Artificial intelligence and predictive analytics in obstetric anesthesia: early warning for maternal complications.
Authors
Affiliations (2)
Affiliations (2)
- Department of Anesthesiology, Perioperative and Pain Medicine, Brigham and Women's Hospital, Harvard Medical School, Boston, Massachusetts.
- Department of Anesthesiology, University of Michigan, Ann Arbor, Michigan, USA.
Abstract
Maternal morbidity and mortality remain largely preventable, yet current risk-assessment tools identify only a fraction of women who experience severe complications. This review synthesizes recent advances in artificial intelligence and machine learning for early prediction, decision support, and procedural guidance in obstetric anesthesia, with a focus on postpartum hemorrhage, hypertensive disease, sepsis, hemodynamic instability, neuraxial procedures, and peripartum pain. Recently, electronic health record (EHR)-integrated and imaging-based machine learning models have outperformed traditional risk scores for postpartum hemorrhage, placenta accreta spectrum, and pre-eclampsia, and are beginning to incorporate multiomics and genetic data. Obstetric-specific early warning systems and parsimonious machine learning models for maternal sepsis and epidural-related fever show promise but remain limited by sensitivity and external validation.
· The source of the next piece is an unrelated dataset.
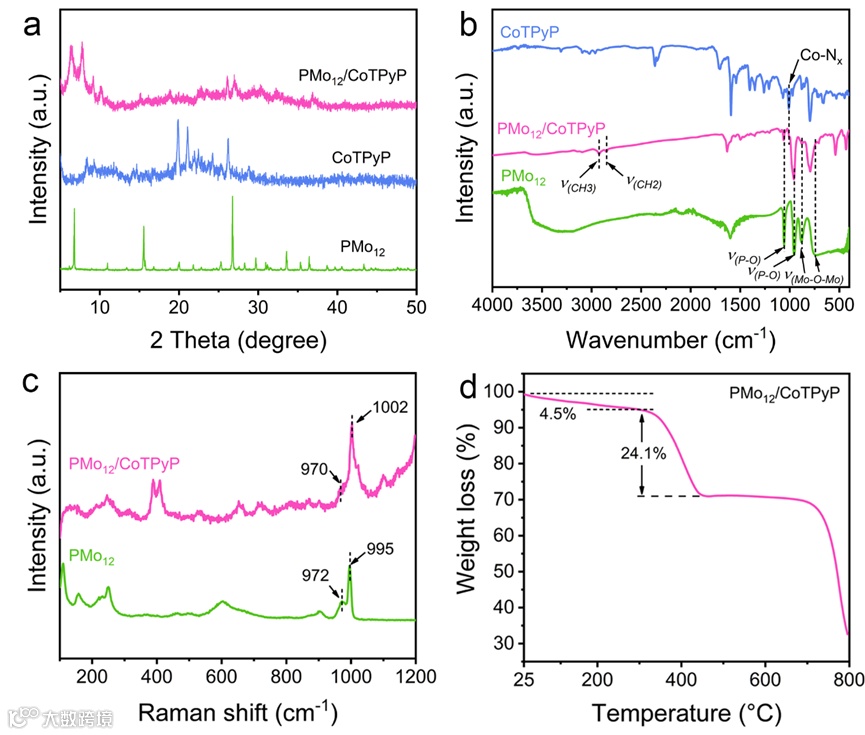 以POMs团簇和卟啉为结构单元,十六烷基三甲基溴化铵 (CTAB) 为表面活性剂,制备了一系列POMs/卟啉杂化纳米材料。TEM和HRTEM图像显示杂化纳米材料中产生了大量sub–1 nm有序通道,与PMo12团簇的大小一致。如HAADF–STEM图像所示,可以清楚地观察到层状结构。由于PMo12团簇的原子质量大,明暗交替的结构分别对应于CoTPyP和PMo12。此外,一系列表征证实了PMo12团簇在杂化纳米材料中保持完整,且PMo12与CoTPyP存在强相互作用。

Waveform analytics, noninvasive hemodynamic indices, and artificial intelligence-assisted ultrasound can anticipate hypotension and enhance neuraxial and regional block placement. Machine learning frameworks for postcesarean and chronic postpartum pain, together with virtual reality interventions, support more individualized analgesia. Artificial intelligence-enabled tools are poised to augment, rather than replace, clinician judgment in obstetric anesthesia. Real-world impact will depend on rigorous external validation, equitable implementation, interpretable model design, seamless EHR integration, and close collaboration between clinicians, data scientists, and vendors.